RCA indicates that partition for mysql became full

root@node-4:/var/lib/mysql# df -h /var/lib/mysql
Filesystem Size Used Avail Use% Mounted on
/dev/mapper/mysql-root 9.8G 9.3G 4.0K 100% /var/lib/mysql

Further analysis indicated that most of space was filled up by mysql-bin

root@node-4:/var/lib/mysql# du -k mysql-bin.* | awk '{total=total+$1} END {print total/(1024 * 1024)"GB"}'
5.15004GB

Sergii Golovatiuk (sgolovatiuk) on 2015-08-31

Changed in mos:
status:	In Progress → Invalid

Revision history for this message

Sergii Golovatiuk (sgolovatiuk) wrote on 2015-08-31:

https://github.com/stackforge/fuel-library/blob/master/deployment/puppet/mysql/templates/my.cnf.erb#L52 is already in config.
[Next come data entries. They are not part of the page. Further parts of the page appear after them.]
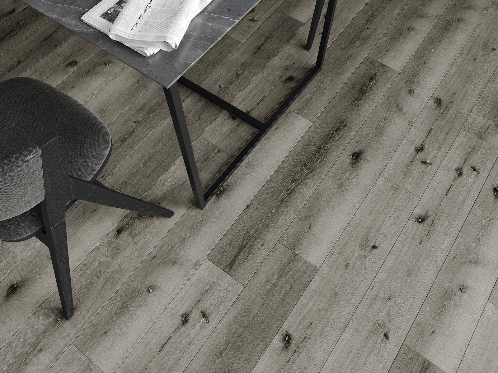 Panele posiadają 4-stronną fugę - każdy bok został wyfrezowany w taki sposób, by po ułożeniu powstało łączenie w kształcie litery V. Taki design sprawia, że podłoga nabiera wyraźniejszej struktury, co nadaje jej głębi i estetycznego charakteru. Efekt ten jest szczególnie ceniony w nowoczesnych aranżacjach, gdzie detale podkreślają wyjątkowy wygląd wnętrza.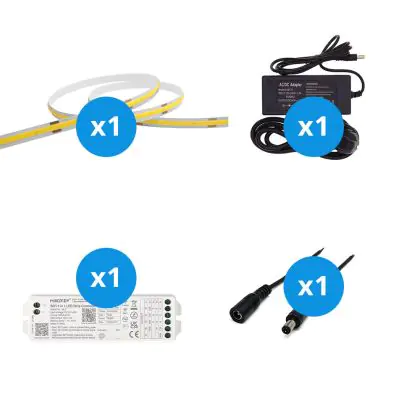 Le grand avantage de cet kit complet est qu'il comprend tous les accessoires nécessaires pour installer le ruban LED dans votre maison ou vos locaux professionnels. Nous vous fournissons la matériel nécessaire pour l'installation du ruban LED. Ensuite, vous branchez le tout sur une prise électrique standard. Vous trouverez toutes les informations nécessaires dans notre blog sur l'installation. Ce kit comprend :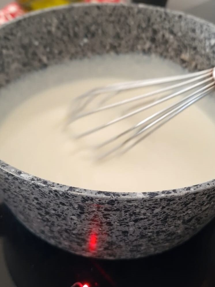 Luego vuelve a ponerlo al fuego y mezcla hasta que se dore. Ahora que tienes el roux, añade la leche caliente y condimenta con una pizca de nuez moscada y sal, luego mezcla hasta que espese, tomará aproximadamente 10 minutos.
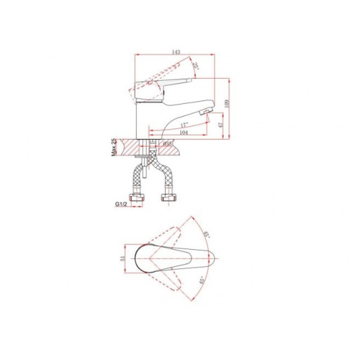 Угол поворота рукоятки гор.: 50,

I would raise the minimum from 10GB to 15GB.

Sergii Golovatiuk (sgolovatiuk) on 2015-08-31

Changed in mos:
status:	Invalid → Fix Committed
status:	Fix Committed → In Progress

Revision history for this message

Timur Nurlygayanov (tnurlygayanov) wrote on 2015-09-01:

Fix is on review:
https://review.openstack.org/#/c/218921

Sergii Golovatiuk (sgolovatiuk) on 2015-09-02

Changed in mos:
status:	In Progress → Fix Committed

Revision history for this message

Timur Nurlygayanov (tnurlygayanov) wrote on 2015-09-03:

Fix verified on MOS 7.0 ISO #265, now we have 20Gb for MySQL partition, so, we will have more time before cluster will die.
Also it is possible to configure disks partitions manually.